French President Emmanuel Macron showered Trump with honors like a military parade that made the US president jealous, and bro'd around Washington in an arguably desperate and ultimately futile attempt to flatter Trump into remaining in the Paris climate agreement or the Iran nuclear deal.
More recently, the leaders of the world's largest democracies used a meeting in Canada to implore Trump to change his mind on tariffs he's doled out like demerits, but he was more interested in complaining that Russia had been kicked out of the group a few years ago.
News of the tense phone calls he's had with the leaders of Canada, Mexico, Australia and the UK have seeped out during the course of his presidency.
But in public he's repeated like a mantra that all his relationships are great.
On North Korea's Kim: "I want to have a good relationship with North Korea.

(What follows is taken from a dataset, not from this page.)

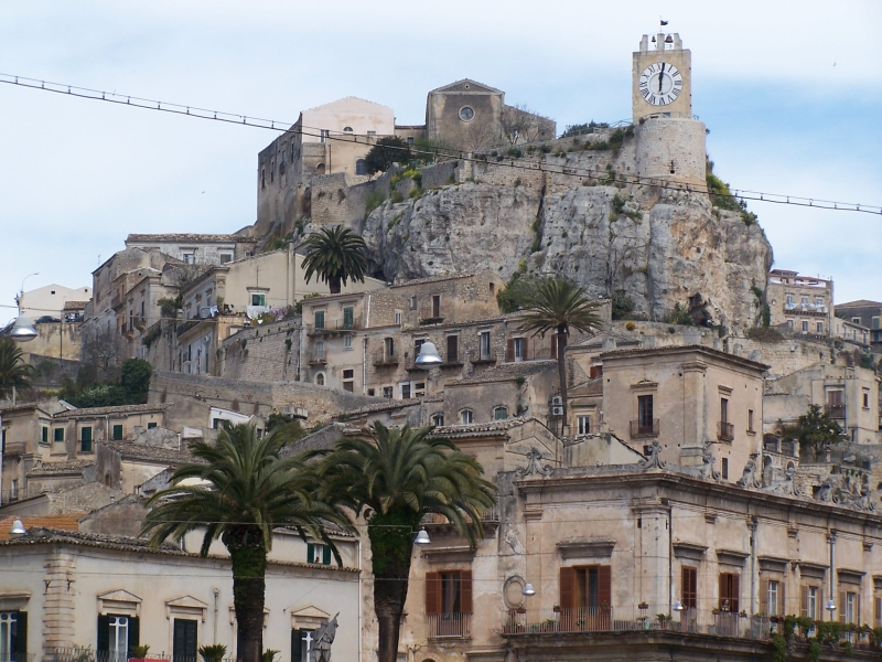 released into public domain in , same name file

I want to have a good relationship with many other countries," Trump said. "We had great chemistry. He gave us a lot."
On China's Xi Jinping: "President Xi and I will always be friends, no matter what happens with our dispute on trade."
On the UK's Theresa May: "The Prime Minister and myself have had a really great relationship, although some people don't necessarily believe that, but I can tell you I have a tremendous respect for the Prime Minister and the job she's doing, and I think the feeling is mutual," Trump said.
On German's Angela Merkel: "I have a great relationship with Angela Merkel of Germany, but the Fake News Media only shows the bad photos (implying anger) of negotiating an agreement - where I am asking for things that no other American President would ask for!"
There are similar comments about France's Macron and Canada's Justin Trudeau. At some point it becomes a mantra: Don't believe the media, he's saying. My relationships with these people are great. And that's what matters.
Except in the case of Mexico, where Trump's belligerent declarations about NAFTA, immigrants and a border wall eclipse even his tough talk on North Korea; President Enrique Peña Nieto, who Trump had called a "friend," refused at one point to visit the White House. The President-elect, Andres Manuel Lopez Obrador, was elected promising to stand up to Trump. It's hard to see how Trump's personal chemistry leading to any breakthroughs there.
But Trump sounded optimistic.
"I think the relationship will be a very good one," Trump told reporters after Obrador's victory. "We'll see what happens."